I had been faithfully taking my 4 mgs along with my other daily, weekly and biweekly doses of RA medicines when my recent flare hit. It took a break for my trip last weekend but showed up in full force the day of my regularly scheduled rheumatologist appointment a few days ago (that was nice, usually Murphy's Law dictates symptoms disappear right before the doctor appointment). I figured I was in for a cortisone shot and I was right. Woohoo! They sting but they sure are effective!
Unfortunately the other recommendation was to take 10 mgs of prednisone for one week to knock the socks of this flare, then go back to 5 mgs daily. Ugh. One step forward and two steps back, not exactly how the saying is supposed to go. I keep reminding myself this is short-term, rid yourself of the flare and then worry about prednisone intake.

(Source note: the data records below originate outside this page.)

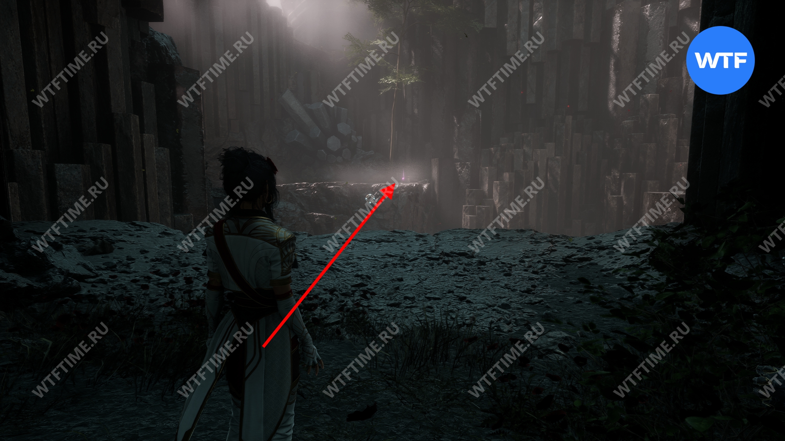 Выйдя из здания, пройдите немного вперед, а затем поднимитесь на уступ справа, чтобы подобрать цвет люмины.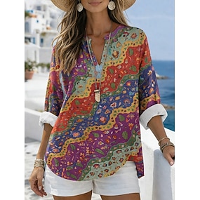 Dames Blouse Afdrukken Bloemig Vakantie Dagelijks Casual 3/4 mouw V-hals Normale tops Dagelijks Feestdagen Uitgaan blauw Marine Blauw Paars Groen Zomer Lente Herfst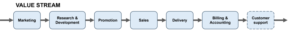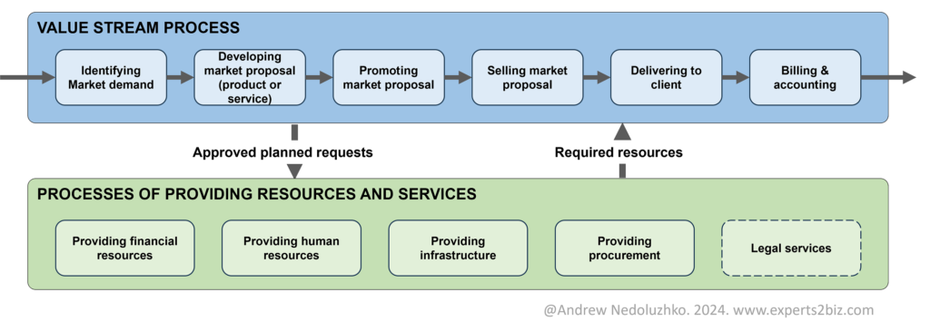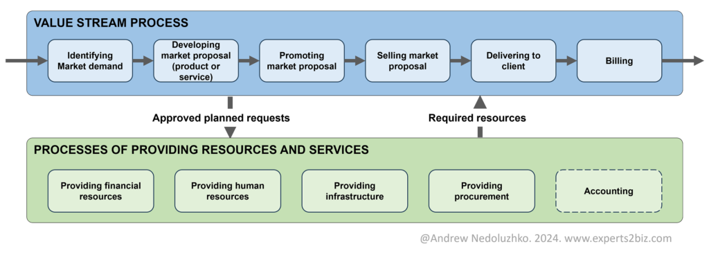 And sometimes, even parts of the value stream process can be moved to the provisioning process or outsourced through procurement. For example, the figure below shows that accounting is moved to a separate supporting process.
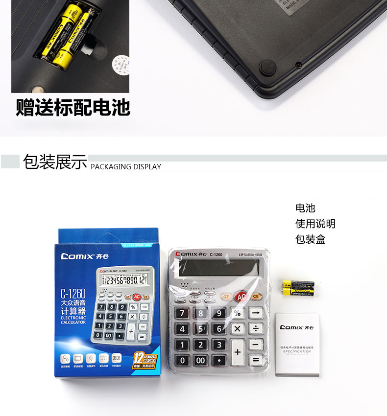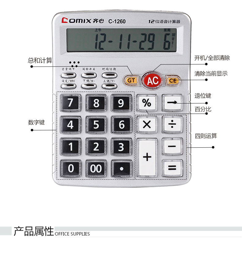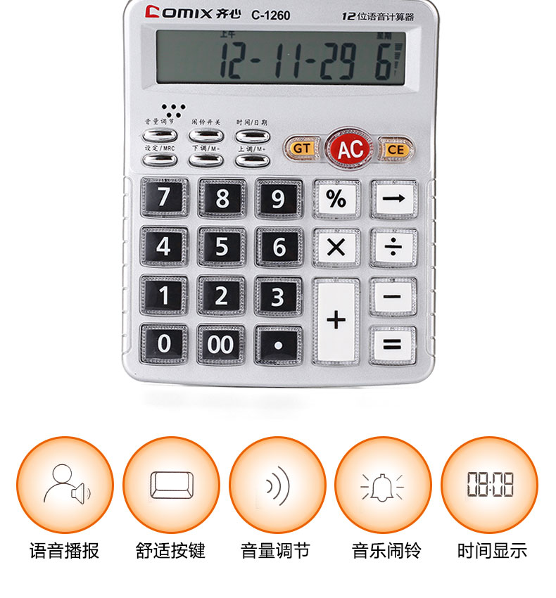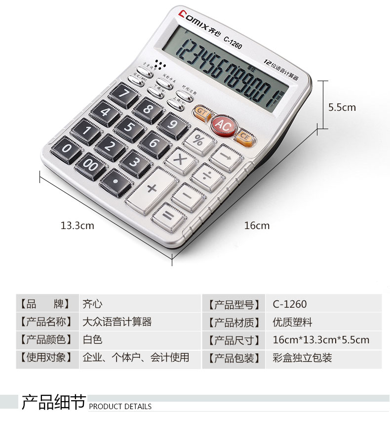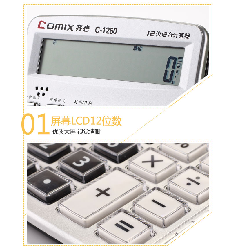 商品名称:齐心(Comix)12位中台经典办公语音计算器/计算机 办公文具 C-1260

It's such a love/hate relationship with the medications. I used to be one of those people who never took medications. If I had a headache, I would lie down and rest, drink water and wait for it to go away. If I had a cold, I stayed hydrated and ate well and let it pass. In hindsight, I'd say I was proud of my immune system and trusted it to work properly.
Not any more. Today I wake up every day and take motrin, prednisone, calcium to combat side effects of prednisone and a prescription strength folic acid tablet to combat side effects of methotrexate. During the day I take more Motrin and calcium. Once a week I take methotrexate and biweekly I inject Humira. There are advantages. Last Saturday I was able to impress the younger children by holding 11 tablets in my hand (6 methotrexate, 2 prednisone, 2 motrin and 1 calcium) and swallowing them in one gulp.
I know I'm lucky. The drugs work for me. They let me be myself and face the world and care for my children. I know what it means to not have that, I watched my mom struggle for years taking asprin and a serious of horribly ineffective and sometimes damaging treatments before more effective treatments were available. But I still hate that I have to take all these medications. I love them for what they do, and I hate that I need them.
We are finally home! The trip was good, my RA flare finally took that hike and just in time. I had my normal aches and pains but noting that knocked me off my feet. My stepson was an awesome help. We were at the airport 10 minutes when he turned to me, holding a bag, two pack n' plays and pulling another bag on wheels while I pushed the twins in the stroller with the diaper bag and a second bag, and asked me "How exactly were you planning to do this by yourself????" I told him I had no idea but it was obviously a crazy idea and I'm glad that his father had the good sense to realize that.
The babies did fairly well on the plane rides. It was really hard to land and take off two times each way, and changing plans in the middle was no easy task either. My general policy was that my stepson got to pick whichever baby seemed the happiest to sit with him, and a couple times we switched off when the baby he had got too cranky. There was only one of the four flights that we ended up one row apart from each other, so most of the time he was on his own dealing with toys and bottles. If we were keeping score I'd give him an A+.
I often get comments on the twins are or people ask questions like "are they really twins?" but it was interesting in the airport we didn't get much of that - I think most passengers were anxiously looking at the two babies and thinking to themselves "please don't let them be on my flight!" My stepson is over 6'1" so many times he was mistaken for being a new father. One flight attendant kept referring to him as "daddy" although he did his best to correct people along the way. One seat mate asked his age and commented "wow, you are really starting young!" and it took him a few minutes to realize what he meant before he said "wait, no, this is my little brother!"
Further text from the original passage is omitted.